## ASSIGNMENT
Taking the entries below, transcribe only the lines starting with the one with "Stamitz, Johann (1717-1757)" and going on through the one with "Wusterhausen_Dosse Klubhaus der", exactly as written, without the pictures.

Stored data entries:
>>>

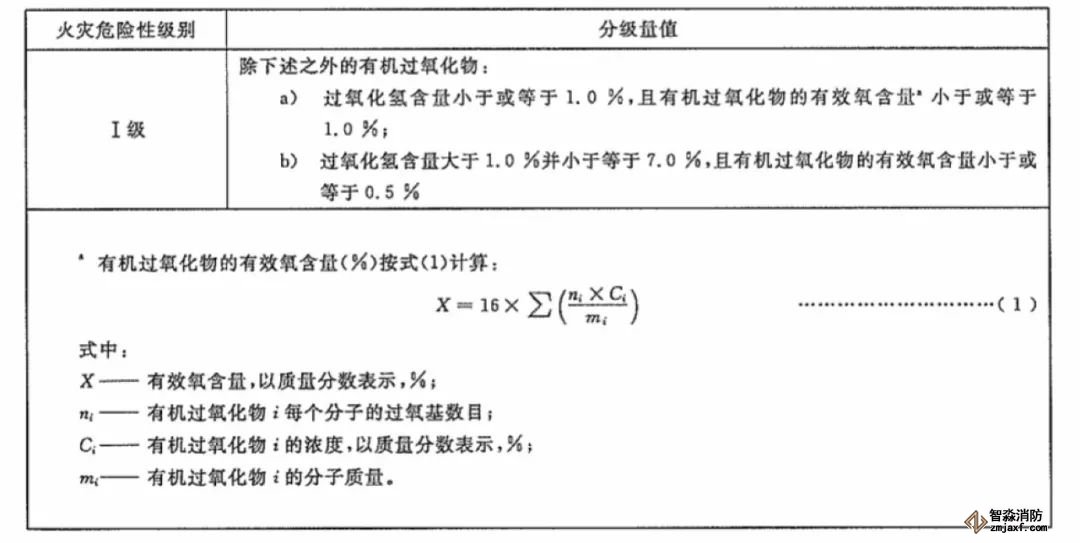 有機(jī)過氧化物火災(zāi)危險(xiǎn)性分級(jí)方法見下表:
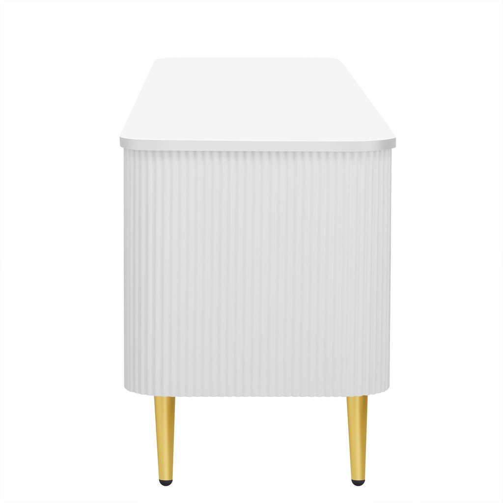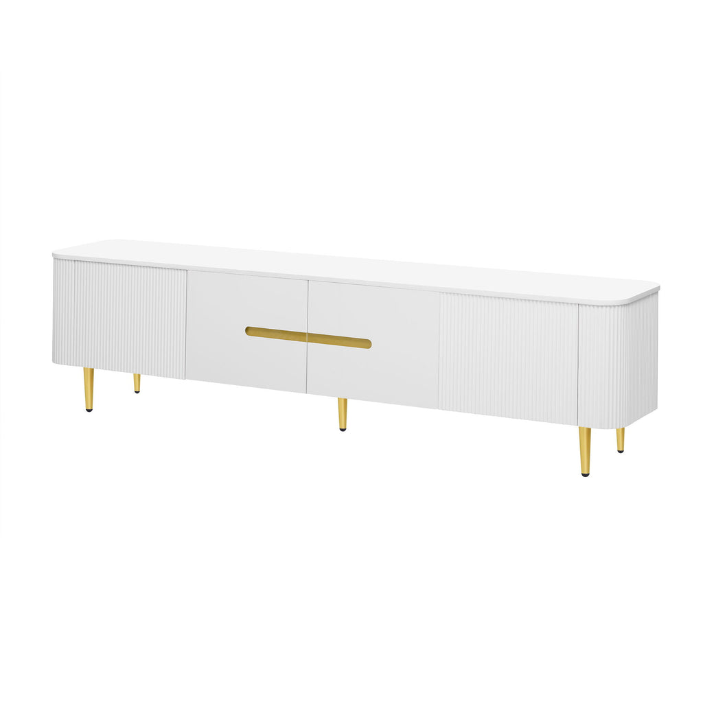 Minimalist TV Stand For TVs Up To 85", Modern Entertainment Center Media Console With 4 Spacious Cabinets - White
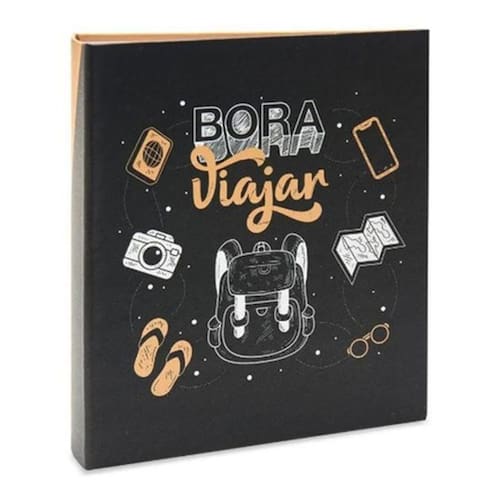Especificações: Modelo: viagem Capacidade: 200 fotos Tamanho da foto: 10cm x 15cm Capa: papelão, papel couche 150g/m2 e papel ofser 150g /m2 Parte externa/ miolo: polipropileno e rebite Quantidade: 2 fotos por página / 4 fotos por folha Dim: alt 22,5cm x larg 18,5cm x comp 5,5cm Ean: 7896013722816
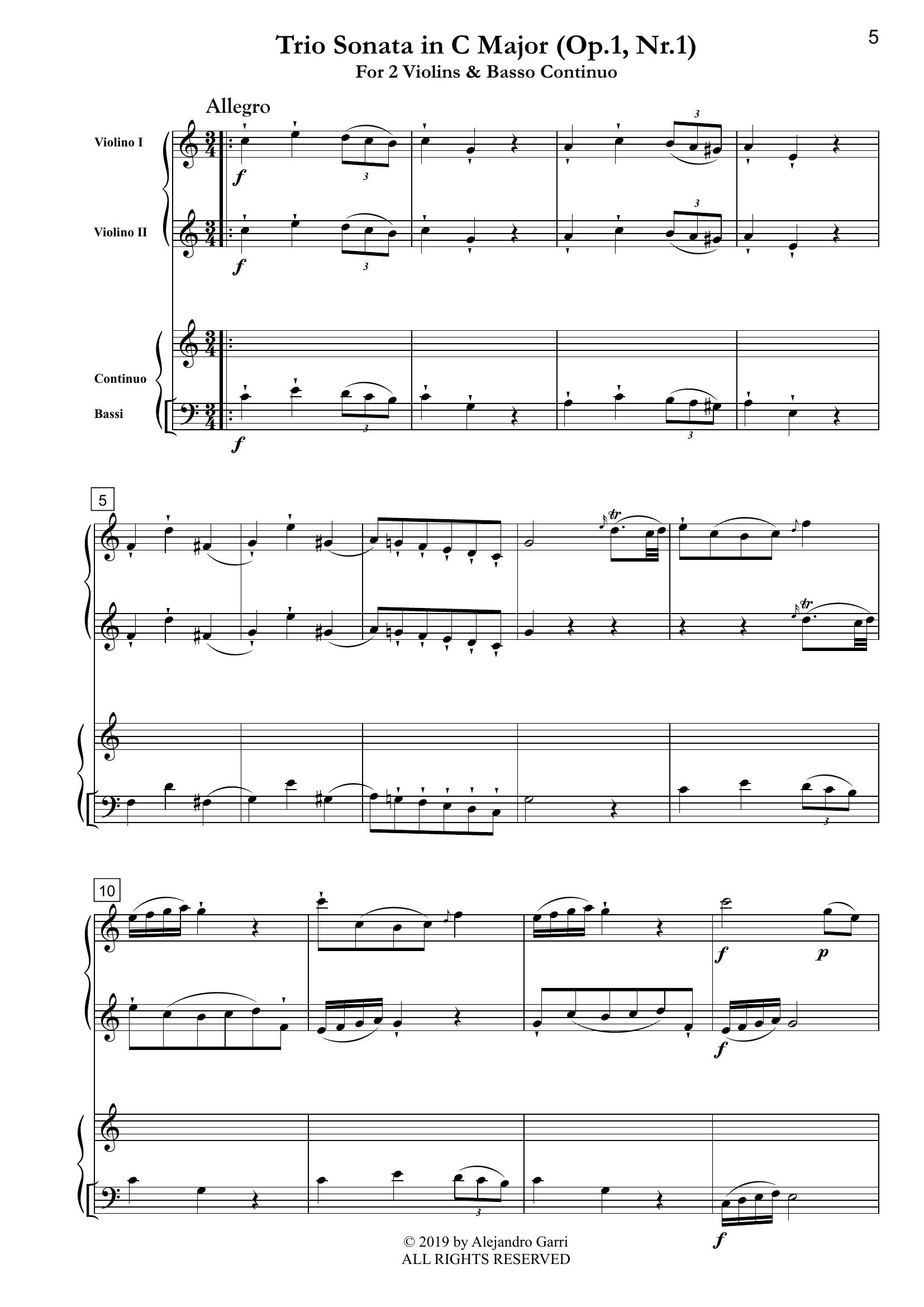 Stamitz, Johann (1717-1757) Trio Sonata in C Major (Op.1 Nr.1), for 2 Violins & Basso Continuo (full score & 3 parts)
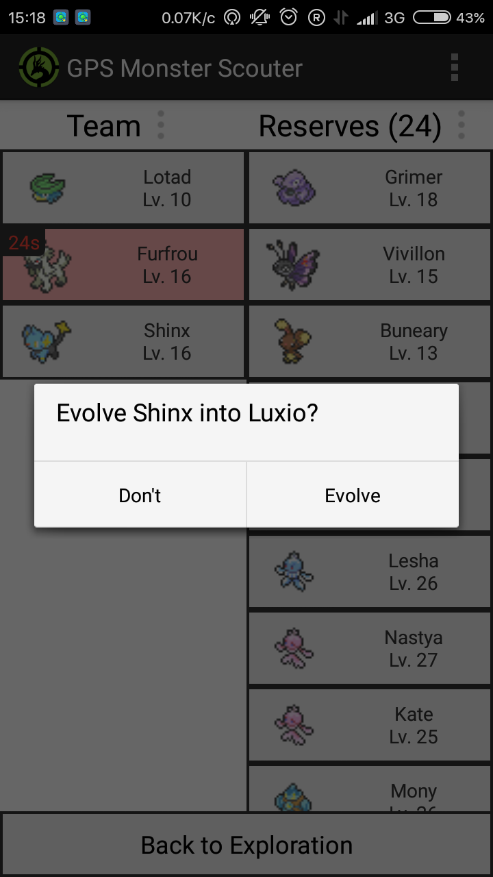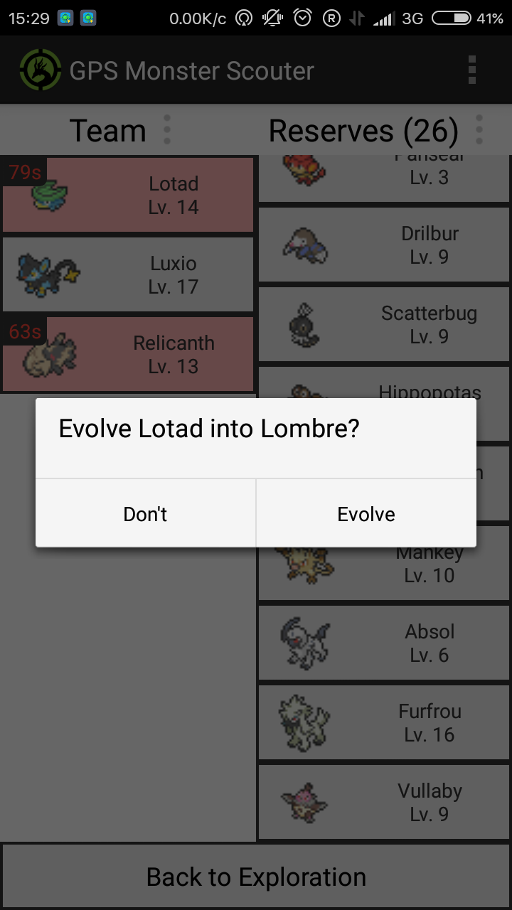 Отправил покемона за покеболом и убежал. Теперь он выделен тёмным, сделать с ним ничего нельзя. Прошло уже 2 дня. Вернуться на тот квадрат ещё не пробовал. Может, этот зелёный хатико до сих пор сидит там. Это была присказка, а теперь сказка начинается. Где можно посмотреть, что нужно для эволюции покемонов? Как догадываюсь, ему в инвентарь нужно положить соответствующий предмет и нажать специальную кнопку. Какой должен быть предмет - неизвестно. Смотрел во всяких энциклопедия покемонов: большинству нужно лишь получить определённый уровень. Попробовал эволюционировать mantyke - ему нужно поднять уровень при наличии remoraid в команде - не вышло, пробовал так несколько раз. Есть ли у анона советов мудрых?
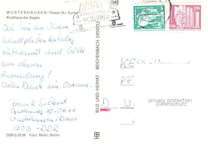 Wusterhausen_Dosse Klubhaus der Segler Hafen Segelboote Wusterhausen_Dosse postalisch gelaufen 1983 Erhaltung siehe scans [FriedD77] Frierer
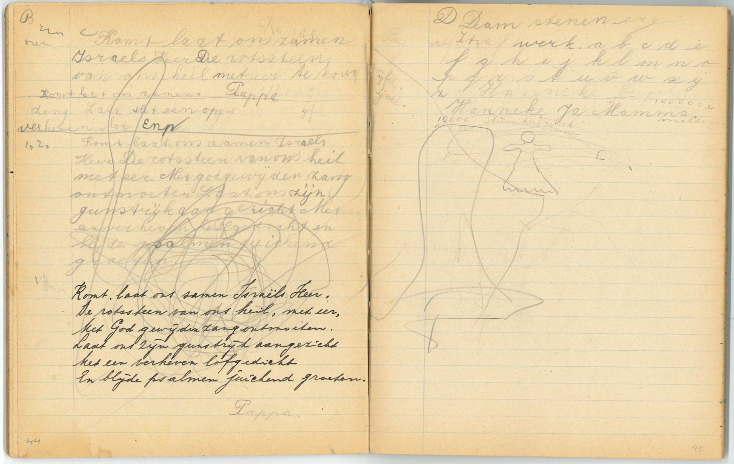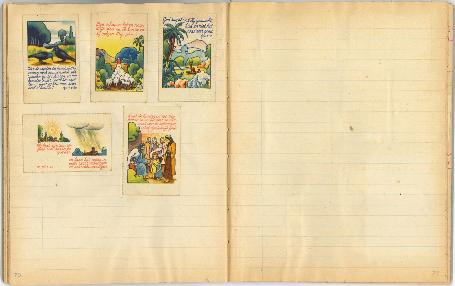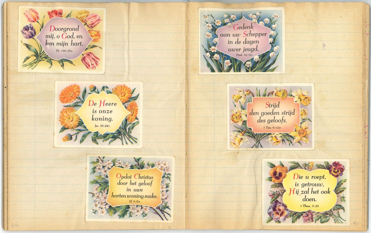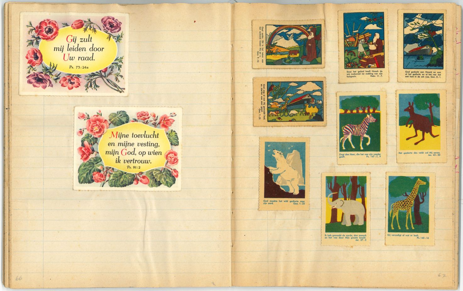 Schrift met tekeningen, aantekeningen en protestantse beloningsplaatjes van de zondagsschool en de lagere school
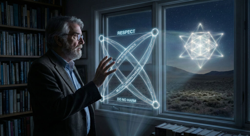 Even if one does not accept metaphysical claims, an ethical takeaway remains: approach contact with humility, respect for free will, and a planetary commons mindset. (Affs)
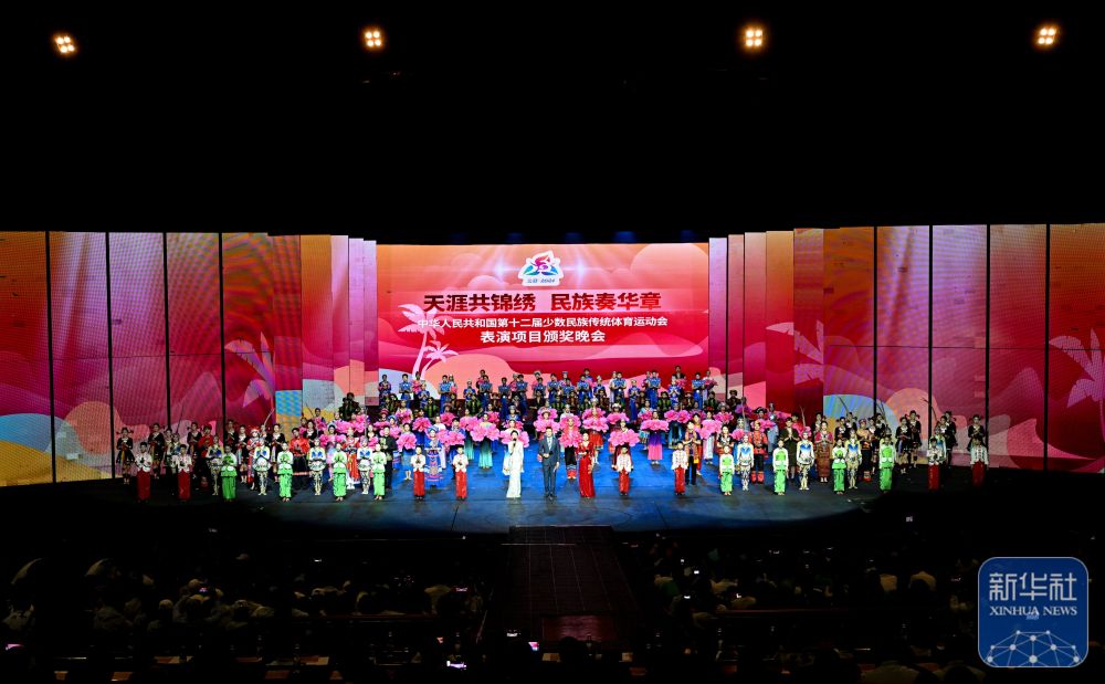 11月29日,第十二届全国少数民族传统体育运动会表演项目颁奖晚会在海南三亚举行。

<<<

## PROBLEM SOLUTION
 Stamitz, Johann (1717-1757) Trio Sonata in C Major (Op.1 Nr.1), for 2 Violins & Basso Continuo (full score & 3 parts)
 Отправил покемона за покеболом и убежал. Теперь он выделен тёмным, сделать с ним ничего нельзя. Прошло уже 2 дня. Вернуться на тот квадрат ещё не пробовал. Может, этот зелёный хатико до сих пор сидит там. Это была присказка, а теперь сказка начинается. Где можно посмотреть, что нужно для эволюции покемонов? Как догадываюсь, ему в инвентарь нужно положить соответствующий предмет и нажать специальную кнопку. Какой должен быть предмет - неизвестно. Смотрел во всяких энциклопедия покемонов: большинству нужно лишь получить определённый уровень. Попробовал эволюционировать mantyke - ему нужно поднять уровень при наличии remoraid в команде - не вышло, пробовал так несколько раз. Есть ли у анона советов мудрых?
 Wusterhausen_Dosse Klubhaus der Segler Hafen Segelboote Wusterhausen_Dosse postalisch gelaufen 1983 Erhaltung siehe scans [FriedD77] Frierer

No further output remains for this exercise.